Our biggest achievement is that we are alive: Ashok Row Ravi

Ravi was speaking at the workshop organised in the city the other day wherein a talk was held on the issues of sexual orientation and gender identity and transgender population.

THIRUVANANTHAPURAM: “Kerala has got a firm policy document and it reflects on the LGBT spectrum. There is a holistic document pattern which works in favour of the transgender community,” said Ashok Row Kavi, chairman of the Humsafar Trust based in Mumbai.

He was speaking at the workshop organised in the city the other day wherein a talk was held on the issues of sexual orientation and gender identity and transgender population.

Ashok Row Ravi was the first gay man to publicly come out in 1984. He had also approached the Supreme Court of India, along with three other gay men and The Humsafar Trust, to decriminalise same-sex relations.

Ashok said the main idea to set up the Humsafar Trust was to empower LGBTIQ communities to overcome the stigmatisation resulting from law. The Humsafar Trust is the oldest LGQT sector in India and he says, “Biggest achievement of us is that we are alive.”

This LGBT rights activist has worked for the rights of more than 1,000 gay men and 1,500 transgenders in Mumbai. They are planning to conduct a sensitisation workshop with the panchayat members and talk about LGBT rights so that the laws come to a ground reality.

Speaking about the stigma that exists about the sexual minorities, he said that in metro cities some changes have been seen where transgenders have been given a space in the society but in rural areas, a change has to be made. “So, our focus now is on rural areas,” he adds.

Ashok is constantly fighting against Section 377 which criminalises sexual activities against the order of nature. There are no size estimates to check who all are harassed or at risk. Ashok says, “We are collecting evidence based on proper data so that the whole community can work on this and nobody raises voice against the credibility of the data.”

Besides working for the mainstreamed LGBT issues, Ashok is also a professor in the Nasik Police Academy, Mumbai where he teaches the new recruits about LGBT rights and laws as they are the gatekeepers of the society and should know about the issue.

On May 20, he will be addressing 1,800 members of the Indian Medical Association in Mumbai on the topic ‘Equal but different’ on why doctors should be sensitive about LGBT issues.

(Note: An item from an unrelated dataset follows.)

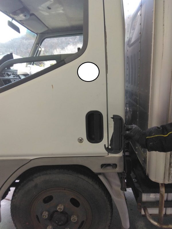 【長野県 長野市 松代 川中島 篠ノ井 須坂市 千曲市】三菱・キャンター、DX、平成8年式、KC-FB501A、左ドア、アウターハンドル交換作業事例、ドアノブ外れた、ドアハンドル取れ修理、なるべく安く修理、修理費用抑えたい、高額修理見積、中古部品検索、リサイクルパーツ検索、最安値、最短修理日数時間、安心安全
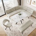 The Lazzaro Range combines modern sophistication, comfort, and practicality for stylish dining spaces. Featuring a white ceramic dining table with curved edges and a durable, heat- and scratch-resistant surface, it pairs perfectly with the Lazzaro Corner Bench Set and backless benches in Grey or Champagne fabric. Our Lazzaro corner bench is versatile as it can set up as left hand side long or right hand side long. The corner bench offers flexible LHS/RHS configuration with 2 and 3 seater options, while the backless bench provides sleek, space-saving seating. Supported by contemporary black legs, the range creates a coordinated, elegant, and versatile dining environment.

They should understand that the attitude to sexuality should not only be pathological but has to be viewed from the socio-development side and all spectrum.

He says: “When Kochi Metro recruited transgenders it was a good step but they didn’t give them housing so they stayed outside the city. When policies are brought in one must know these condition. Community-based organisations are needed.”